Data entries
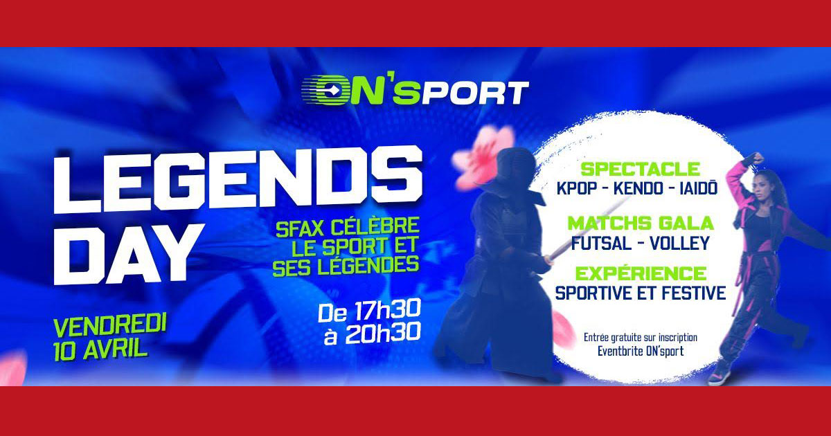 Situé au pôle technologique de Sfax, ON’Sport lance officiellement son complexe omnisport nouvelle génération sur une superficie de 3000m², intérieur et extérieur. Pour marquer l’ouverture de ses portes, le complexe organise un événement intitulé «Legends Day», le vendredi 10 avril de 17h30 à 20h30, à la croisée du spectacle vivant et du sport de haut niveau, conçu pour offrir au public une expérience mémorable.
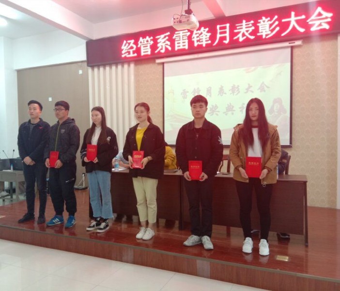 (经管系 张美英)3月28日下午,经管系在一教104报告厅举办雷锋月表彰大会,对活动中涌现出的先进个人及先进班级进行表彰。经济与管理学系党总支副书记王春柳、辅导员老师和学生代表参会。
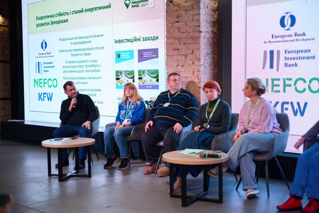 В рамках обсуждения «Практики устойчивого развития громад Юго-Востока в условиях войны и изменения климата» эксперты поделились практическими примерами восстановления громад, обсуждали энергетическую стабильность, экологическую безопасность и механизмы привлечения жителей к стратегическому планированию.
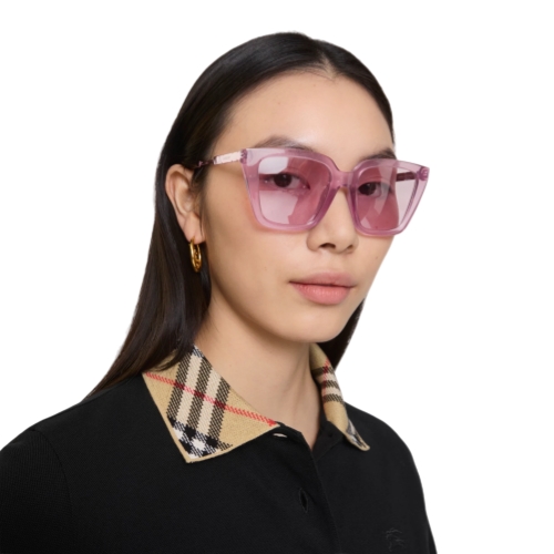 A pair of lightweight square-frame sunglasses made in Italy from transparent nylon. The contrasting metal temples are engraved with our signature check and logo.
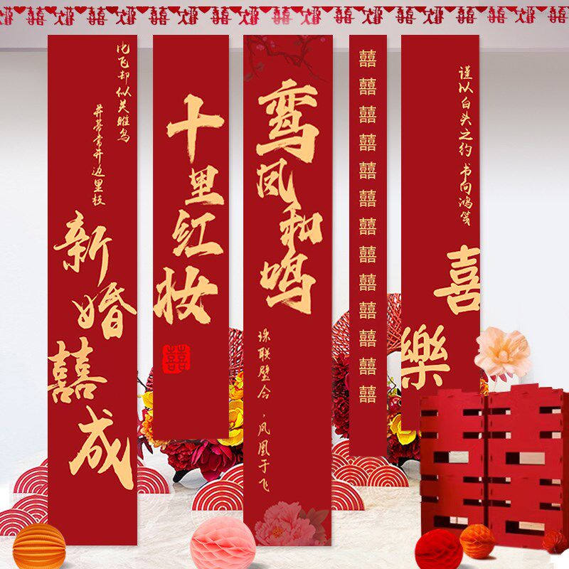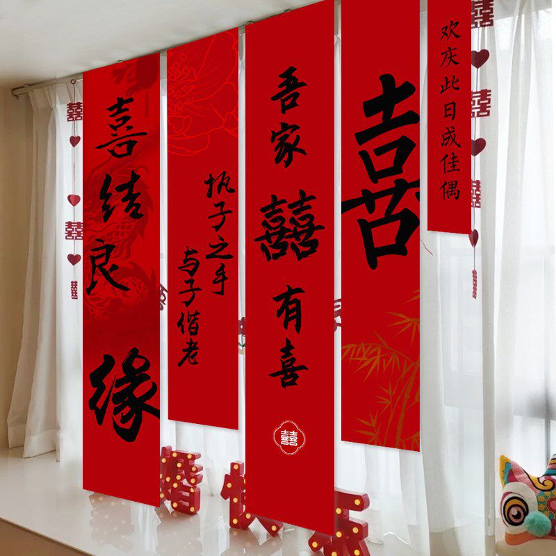 网红婚礼拍照区装饰道具婚房布置结E婚横幅挂旗挂布条横幅婚庆用
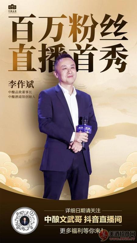 10月中旬,李作斌——这位中国文化老酒龙脉探寻者,将在抖音ID开启中酿文武哥粉丝破百万首场直播,与百万粉丝聊文化、聊老酒,来一场中国白酒龙脉探寻之旅!
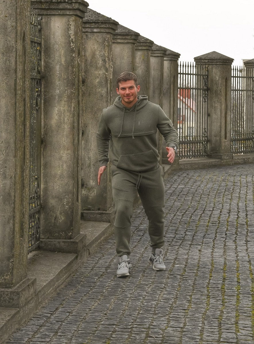 Sportinis džemperis tampraus audinio, išskirtinio dizaino, chaki spalvos . Džemperis su kišenėmis, kurių viena ant rankovės. Su gobtuvu.
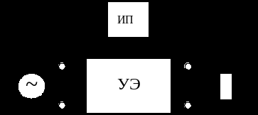 Любой усилитель, структурная схема которого изображена на рисунке 1, имеет входную и выходную цепи, к которым подключается источник сигнала EГ, нагрузочное устройство RН, источник питания ИП и усилительный элемент УЭ (транзистор, микросхема). Процесс усиления связан с преобразованием энергии источника питания в энергию выходного сигнала усилителя.
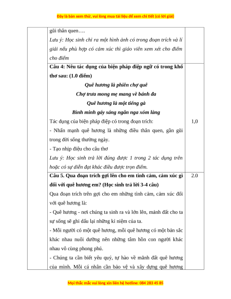 Câu 5: Qua đoạn trích gợi lên cho em tình cảm, cảm xúc gì đối với quê hương em?
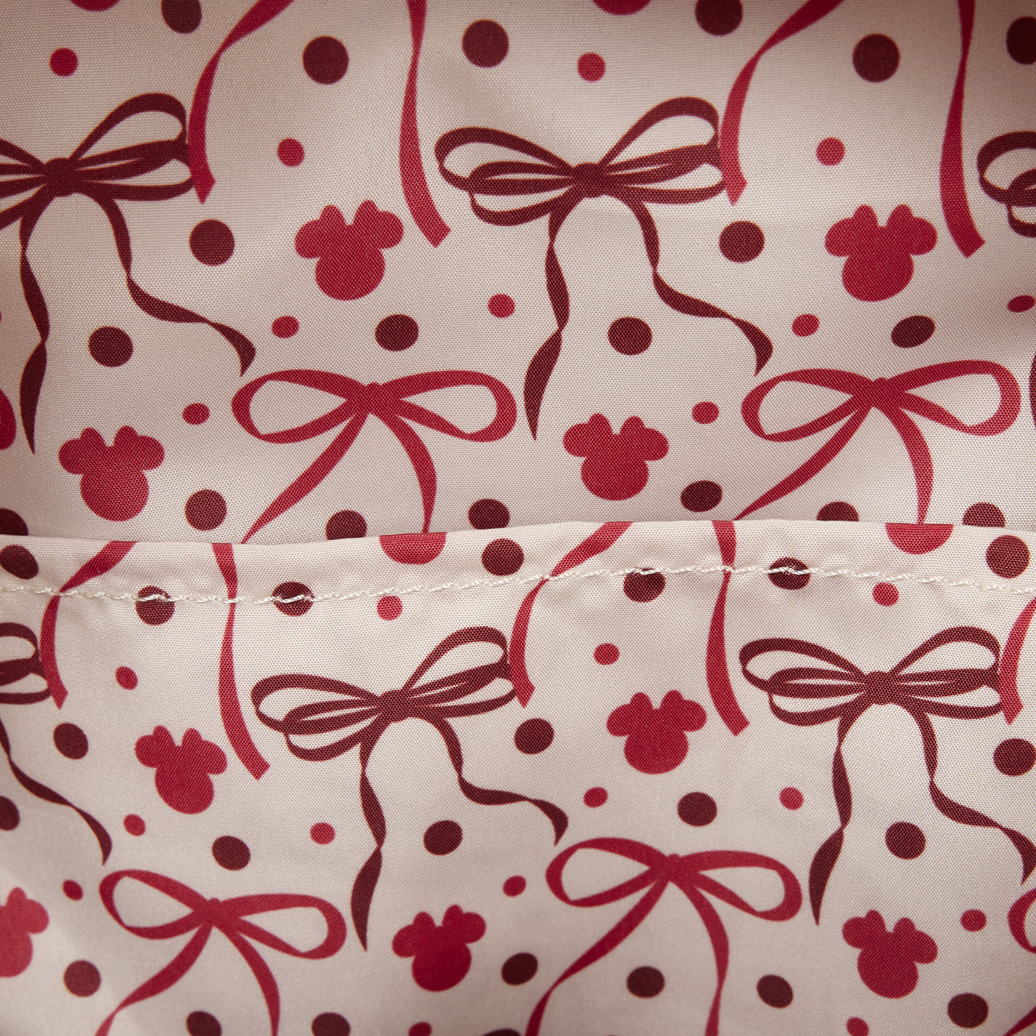Esta mini mochila es de color crema y rojo. Encontrarás lunares en relieve en el bolsillo delantero. En el resto del bolso, encontrarás siluetas de Minnie Mouse . Las cintas de satén le dan un toque adorable a los bolsillos laterales y a las orejas con apliques 3D. ¡También incluye un lazo rojo con lunares blancos entre las orejas! También encontrarás detalles de satén en las correas.
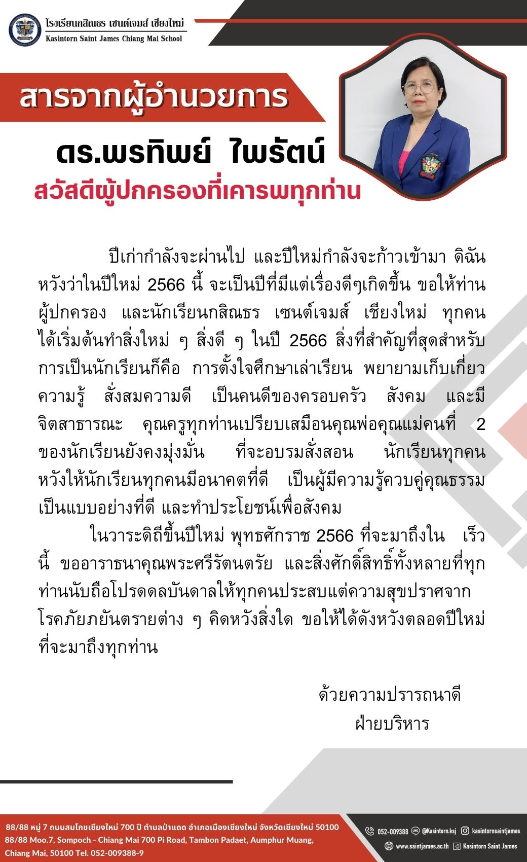 โรงเรียนกสิณธร เซนต์เจมส์ เชียงใหม่ ขอส่งความสุข และ คำอวยพร จากนักเรียนของโรงเรียนมายังทุกท่าน ขอให้ทุกท่าน มีสุขภาพแข็งแรง ปราศจากโรคภัย กิจการงานเจริญรุ่งเรือง มีแต่ความสุขสำราญ คิดสิ่งใดขอให้สมปรารถนาร่ำรวยเงินทอง ยิ่ง ๆ ขึ้นไป

=== About this exercise ===
Each line from the start of the entries through the line with "(经管系 张美英)3月28日" is to be restated exactly, and the pictures are to be skipped.

=== Task output ===
 Situé au pôle technologique de Sfax, ON’Sport lance officiellement son complexe omnisport nouvelle génération sur une superficie de 3000m², intérieur et extérieur. Pour marquer l’ouverture de ses portes, le complexe organise un événement intitulé «Legends Day», le vendredi 10 avril de 17h30 à 20h30, à la croisée du spectacle vivant et du sport de haut niveau, conçu pour offrir au public une expérience mémorable.
 (经管系 张美英)3月28日下午,经管系在一教104报告厅举办雷锋月表彰大会,对活动中涌现出的先进个人及先进班级进行表彰。经济与管理学系党总支副书记王春柳、辅导员老师和学生代表参会。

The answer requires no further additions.